# **Generic Reddit Scraper** 

We are going to scrape reddit today. Since we are trying to analyze the sentiments for finanicial data, we are scraping a specific subreddit in this example, you can use this for any other subrredit too. 

We will be using the Praw Library to parse Reddit. Please refer the documentation for more details: https://praw.readthedocs.io/en/latest/code_overview/ Alternatively, please have your own secrets.

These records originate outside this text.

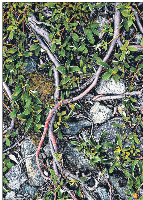
Это не сор. Это здешняя береза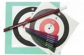
スポーツウエルネス吹矢 (5セット)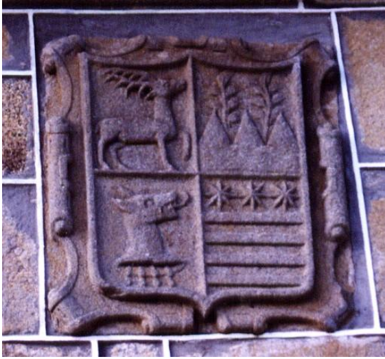
Armas de los apellidos Cervo y Alfeirán, primer y segundo cuartel.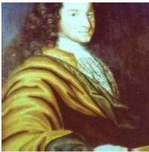
Jubilaren själv i talarstolen

P föddes på Gotland, blev faderlös vid 9 års ålder och flyttade då till en släkting i Stockholm. Sin första anställning fick han 12 år gammal hos riksrådinnan Margareta Wallenstedt i Vanstad, Stockholm där han blev inspektor vid 17 års ålder. Han visade tidigt intresse för mekanik och konstruerade till exempel en automatisk stekvändare (se bild).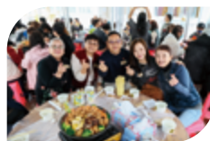
簡女士 (右二) 與堂會及該處代表合照留念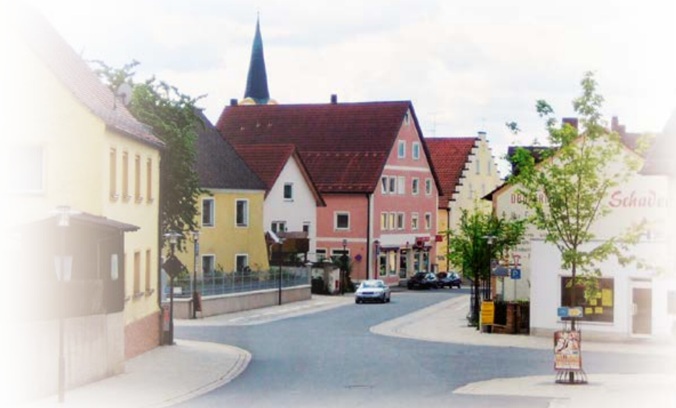
Bild: Markt Schwarzenfeld Nabburger Straße und Hauptstraße, Ortskernsanierung

Durch den Zuzug zahlreicher Vertriebener nach Kriegsende 1945 stieg nicht nur die Einwohnerzahl in Schwarzenfeld erheblich. Der Ort erfuhr zusätzlich einen beträchtlichen wirtschaftlichen und kulturellen Aufschwung. So wurde beispielsweise 1948/49 das erste Jugendheim erbaut. Außerdem entstand 1949/51 ein neues Schulhaus, welches in den Jahren 1959/61 und 1978/81 erweitert wurde. 1964 wurde schließlich die erste Kläranlage errichtet. Schwarzenfeld wuchs in dieser Zeit weiter an. Im Zuge der Gebietsreform wurden 1972 die bisher selbstständigen Gemeinden Pretzabruck und Frotzersricht (mit Ausnahme des Gemeindeteils Wohlfest) eingegliedert.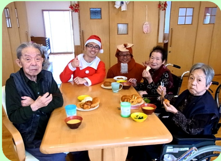
12月24日 クリスマス会食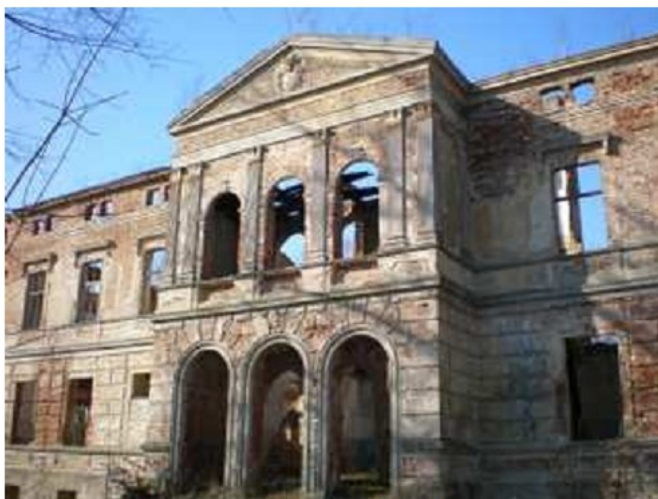
Ryc. 6. Pałac neorenesansowy w Wicimicach

W rejestrze zabytków znajduje się pałac (ruina w odbudowie), neorenesansowy z XIX wieku (Nr rej. 753) oraz park dworski (Nr rej. 904).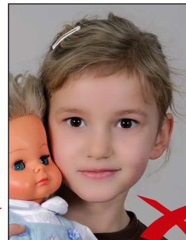
Gegenstand im Bild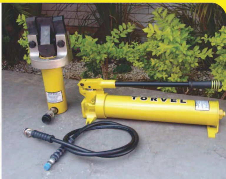
Conjunto completo TO-2000

Conjunto portátil para destalonar pneus fora-de-estrada, com capacidade para 25 Ton. Ferramenta utilizada em pneus de grande porte, em grandes caminhão e escavadeiras com aros entre 49 e 67"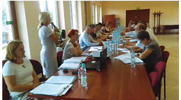
LI sesja Rady Gminy Goworowo

19 czerwca 2018 r. odbyła się LI sesja Rady Gminy. Rada podjęła 9 uchwał, ale głównym tematem sesji było przyjęcie sprawozdania z wykonania budżetu gminy za 2017 r.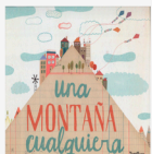
Una montaña cualquiera Fran Pintadera Il. Txell Darné Takataka, 2017

Continúa la historia de la pareja que descubrimos en “La ovejita que vino a cenar”. Lobo y Estofado encuentran un huevo. Deciden cuidarlo y darle calor y de él sale... ¡un cocodrilo!. Una historia repleta de valores como la aceptación de las diferencias, la amistad y la generosidad.

You can find the instructions to create a secret on [Github Repo](https://github.com/JosephLai241/Universal-Reddit-Scraper) in 
**How to get Reddit API Credentials.** 
Lets start the fun!


In [161]:
!pip install praw



Necessary Imports

In [0]:
import argparse
import sys
import praw
from prawcore import NotFound, PrawcoreException
import csv
import json
import datetime as dt
import pandas as pd

Initialize your reddit secret developer keys here

In [0]:
c_id = ""               # Personal Use Script (14 char)
c_secret = ""           # Secret key (27 char)
u_a = ""               # App name
usrnm = ""      # Reddit username
passwd = ""     # Reddit login password

Lets login to reddit using the secret token key:

In [0]:
reddit = praw.Reddit(client_id = c_id, 
                         client_secret = c_secret, 
                         user_agent = u_a, 
                         username = usrnm, 
                         password = passwd)

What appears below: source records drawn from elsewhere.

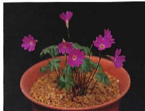
赤花デシオコソクラ・アルム観色株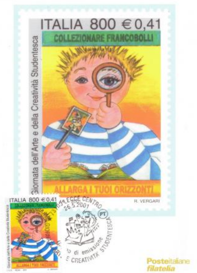
FIG. 4 - Maximum card, emittente Poste italiane, annullo filatelico primo giorno Lecce centro, non viaggiata. CpB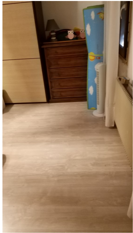
Foto n° 104 - Lotto 2 - Comune di Azzano Decimo (PN) - Foglio 22, m.le 12 - Primo piano. Veduta, dalla porta di entrata, di porzione della prima camera, posta a sinistra rispetto alle scale.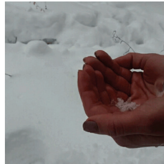
Görsel 18. "Yaşam", Animasyon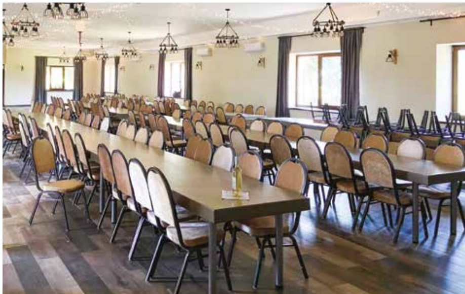
A rendezvényterem belülről

A mostani időszak próba év, a végleges arculat kialakításához a tapasztalatok gyűjtése. Folyamatban van a pince felújítása, amely a későbbiekben borhoz, pálinkához kapcsolódó rendezvények helyszíne is lehet. Továbbá a lovas kultúrát egy tárlat kereteiben szeretnénk bemutatni, valamint veterán motorokból álló gyűjteményünket az érdeklődők előtt megnyitni. A működés feltétele a segítők, alkalmazottak munkája, tehát nemcsak a szabadidő eltöltésének lehetőségét, hanem munkalehetőséget is kínál dolgozó emberek számára.

We will be scraping the wallstreetbets for financial posts and comments, you can simply replace any subreddit here and the code should work for you.

In [0]:
yoursubbreddit='wallstreetbets'
subbreddit=reddit.subreddit('wallstreetbets')

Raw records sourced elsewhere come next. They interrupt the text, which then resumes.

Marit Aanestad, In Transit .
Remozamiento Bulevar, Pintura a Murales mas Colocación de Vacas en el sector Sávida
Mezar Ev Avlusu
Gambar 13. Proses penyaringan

So the way it works with reddit is, There are multiple subrredits, consider like forums, for us its r/wallstreetbets. Inside each subrredit, there are posts made by users and each post has nested comments.

In summary the structure:

Reddit -> Subreddits (r/wallstreetbets) -> posts -> comments -> comments/MutiComments

Okay, so now we will fetch some top posts in the subreddit and parse all the nested comments and populate our dataframe (commentData)

In [0]:
commentsColumns=[
  'total_awards_received ',
 'approved_at_utc ',
 'author_flair_template_id ',
 'likes ',
 'user_reports ',
 'saved ',
 'id ',
 'banned_at_utc ',
 'mod_reason_title ',
 'gilded ',
 'archived ',
 'no_follow ',
 'author ',
 'score ',
 'author_fullname ',
 'report_reasons ',
 'approved_by ',
 'all_awardings ',
 'subreddit_id ',
 'body ',
 'edited ',
 'author_flair_css_class ',
 'is_submitter ',
 'downs ',
 'author_flair_richtext ',
 'subreddit ',
 'author_flair_text_color ',
 'score_hidden ',
 'permalink ',
 'num_reports ',
 'locked ',
 'name ',
 'created ',
 'author_flair_text ',
 'collapsed ',
 'created_utc ',
 'subreddit_name_prefixed ',
 'controversiality ']

##removing spaces 
commentColumns= [c.strip() for c in commentsColumns]

In [172]:
print(commentColumns)

['total_awards_received', 'approved_at_utc', 'author_flair_template_id', 'likes', 'user_reports', 'saved', 'id', 'banned_at_utc', 'mod_reason_title', 'gilded', 'archived', 'no_follow', 'author', 'score', 'author_fullname', 'report_reasons', 'approved_by', 'all_awardings', 'subreddit_id', 'body', 'edited', 'author_flair_css_class', 'is_submitter', 'downs', 'author_flair_richtext', 'subreddit', 'author_flair_text_color', 'score_hidden', 'permalink', 'num_reports', 'locked', 'name', 'created', 'author_flair_text', 'collapsed', 'created_utc', 'subreddit_name_prefixed', 'controversiality']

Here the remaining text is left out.